▸ **WORK ITEM**: Set down each line of the data below exactly as it stands, dropping the pictures.

Entries taken from a collection:
Segment Open

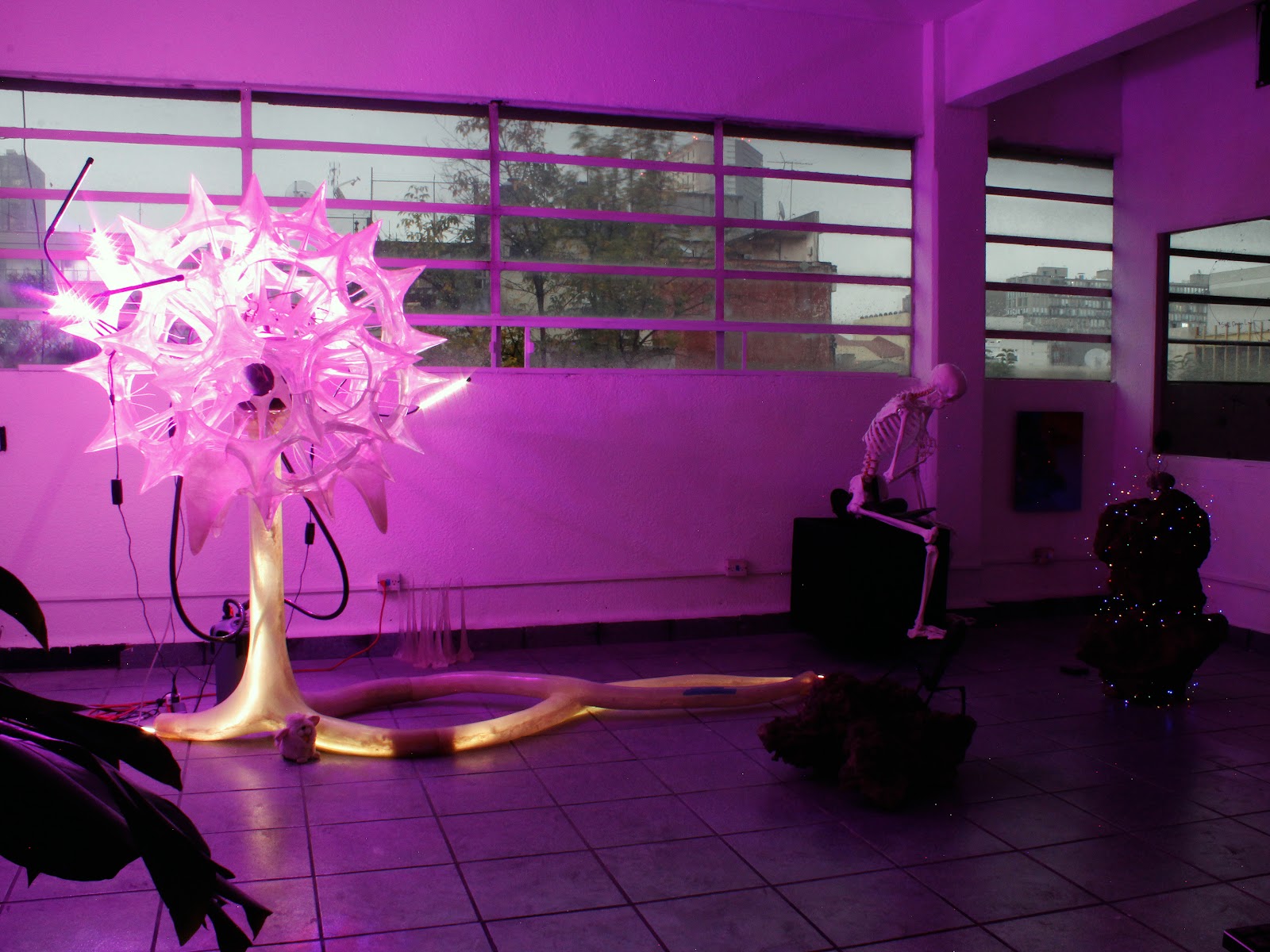 Ver ubicaciónEl estudio abre sus puertas para mostrar esculturas, instalaciones y objetos en proceso, piezas que combinan tecnología, biología y poética material. El público podrá observar maquetas, prototipos, ensayos y errores, elementos que forman parte de un trabajo en constante mutación y libre exploración creativa.
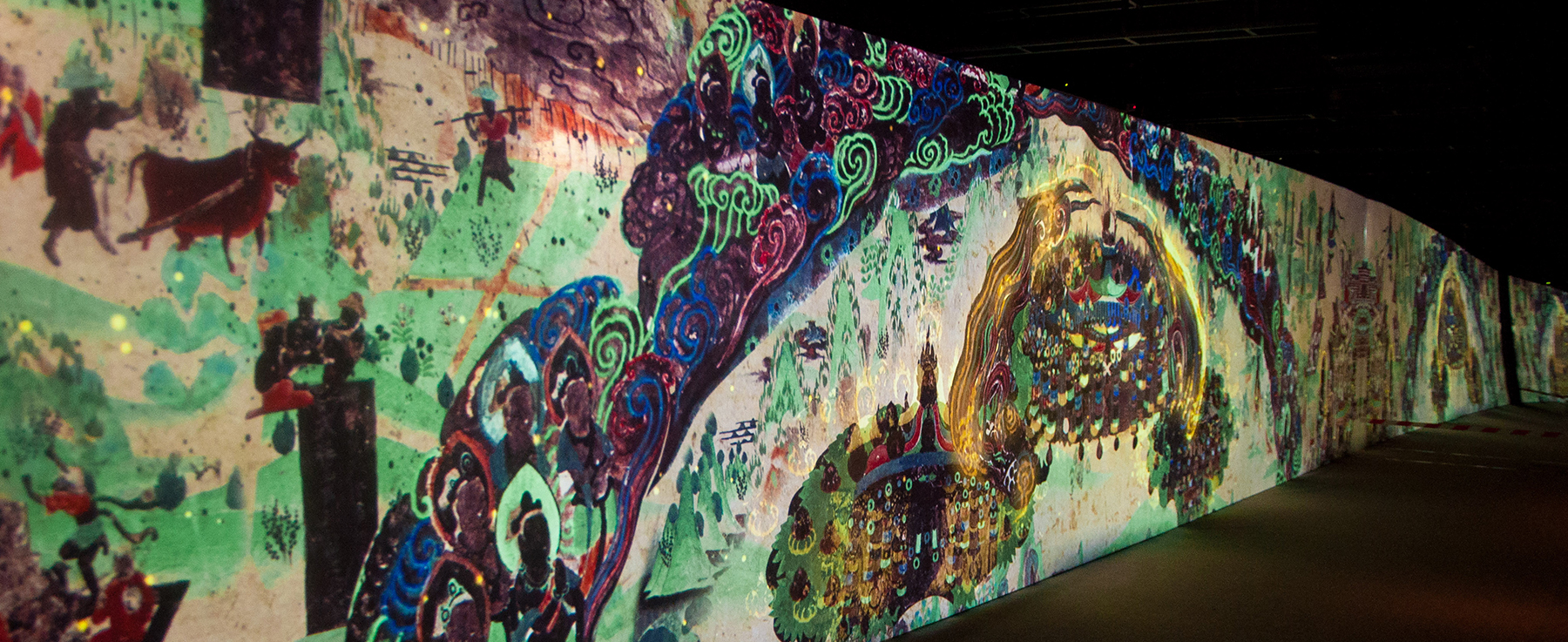 通過視美樂75臺P系列投影機的精彩呈現(xiàn),打造了集裸眼3D、全息投影、多媒體交互等創(chuàng)新運用為一體的佛教文化體驗空間,全面展示了世界佛教文化精髓和我國佛教的發(fā)展歷程。
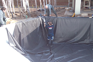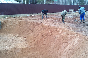 Перед началом строительства пруда необходимо определить на участке контуры будущего пруда, вырыть котлован и хорошо утрамбовать песчаную насыпку дна на 10см. Пленку для пруда лучше всего укладывать в хорошую, теплую погоду. В случае, если глубина пруда будет превышать 0,8м, необходимо сделать склоны уступами, чтобы почва не оседала.
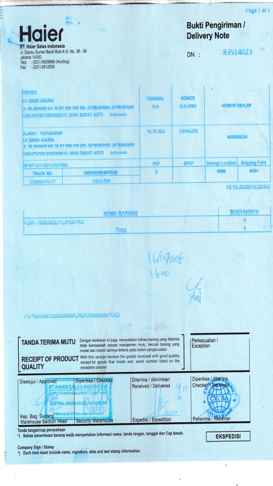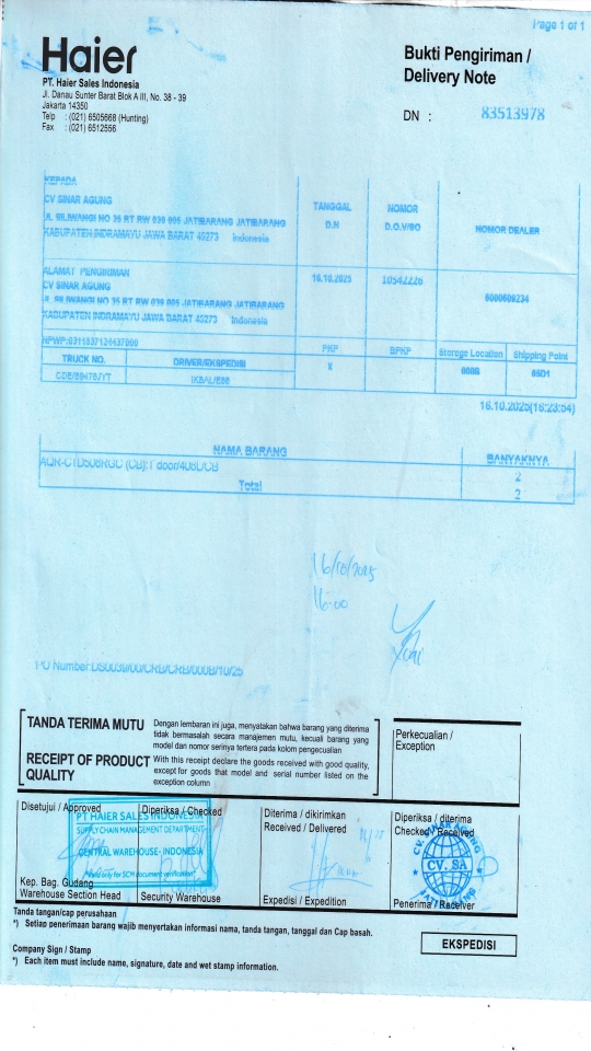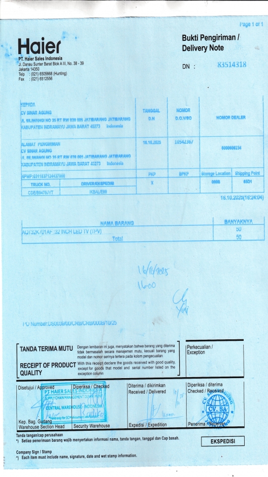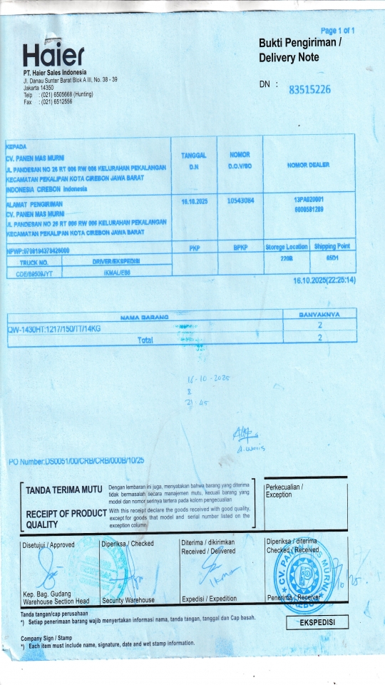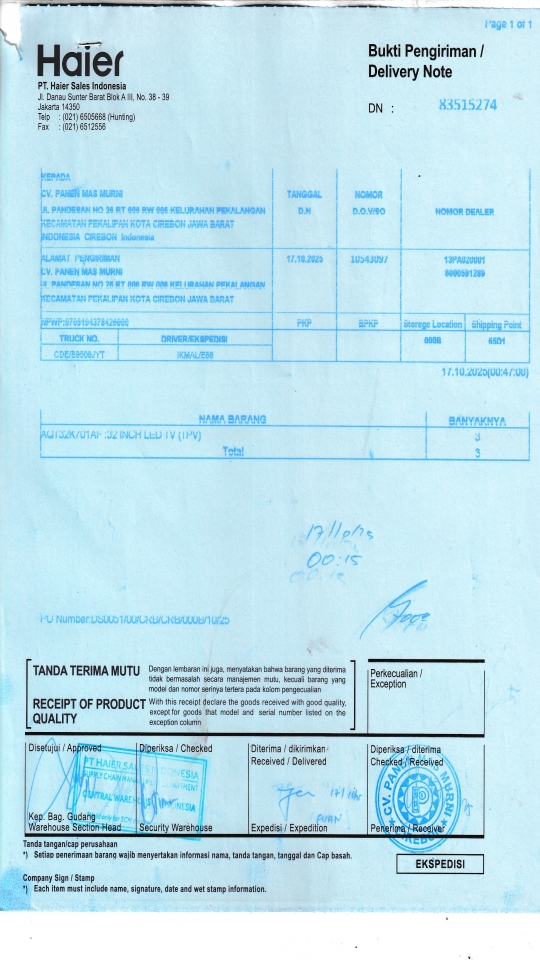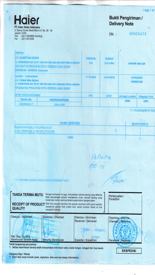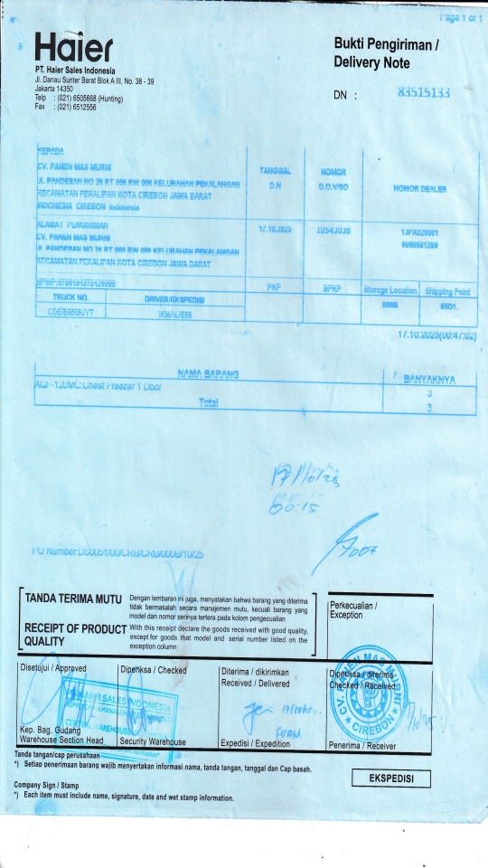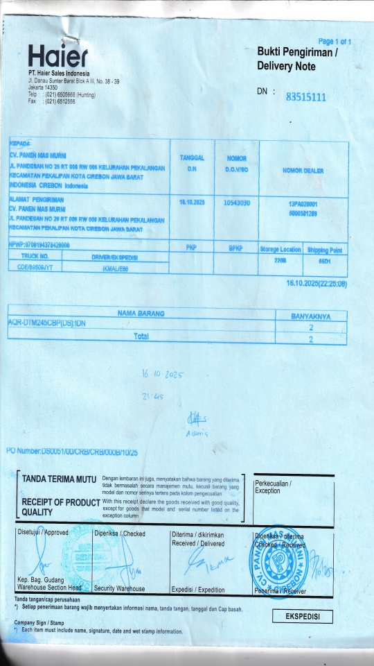 | Penerima | NURHAYATI - HAIER CIREBON |
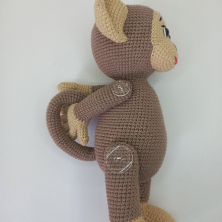 Примечание 2: При подборе пуговиц для крепления, точно также, как и материалов и инструментов, нужно руководствоваться не только рекомендациями в МК. Так, например, при выборе пуговиц нужно ориентироваться на свою плотность вязания. Пуговицы не должны быть больше, чем ширина конечности, так ваша игрушка будет выглядеть достаточно эстетичной, аккуратной и конечности будут хорошо прилегать к телу (фото 10).

Segment Closed

▸ **SOLUTION TO THIS TASK**:
 Ver ubicaciónEl estudio abre sus puertas para mostrar esculturas, instalaciones y objetos en proceso, piezas que combinan tecnología, biología y poética material. El público podrá observar maquetas, prototipos, ensayos y errores, elementos que forman parte de un trabajo en constante mutación y libre exploración creativa.
 通過視美樂75臺P系列投影機的精彩呈現(xiàn),打造了集裸眼3D、全息投影、多媒體交互等創(chuàng)新運用為一體的佛教文化體驗空間,全面展示了世界佛教文化精髓和我國佛教的發(fā)展歷程。
 Перед началом строительства пруда необходимо определить на участке контуры будущего пруда, вырыть котлован и хорошо утрамбовать песчаную насыпку дна на 10см. Пленку для пруда лучше всего укладывать в хорошую, теплую погоду. В случае, если глубина пруда будет превышать 0,8м, необходимо сделать склоны уступами, чтобы почва не оседала.
 | Penerima | NURHAYATI - HAIER CIREBON |
 Примечание 2: При подборе пуговиц для крепления, точно также, как и материалов и инструментов, нужно руководствоваться не только рекомендациями в МК. Так, например, при выборе пуговиц нужно ориентироваться на свою плотность вязания. Пуговицы не должны быть больше, чем ширина конечности, так ваша игрушка будет выглядеть достаточно эстетичной, аккуратной и конечности будут хорошо прилегать к телу (фото 10).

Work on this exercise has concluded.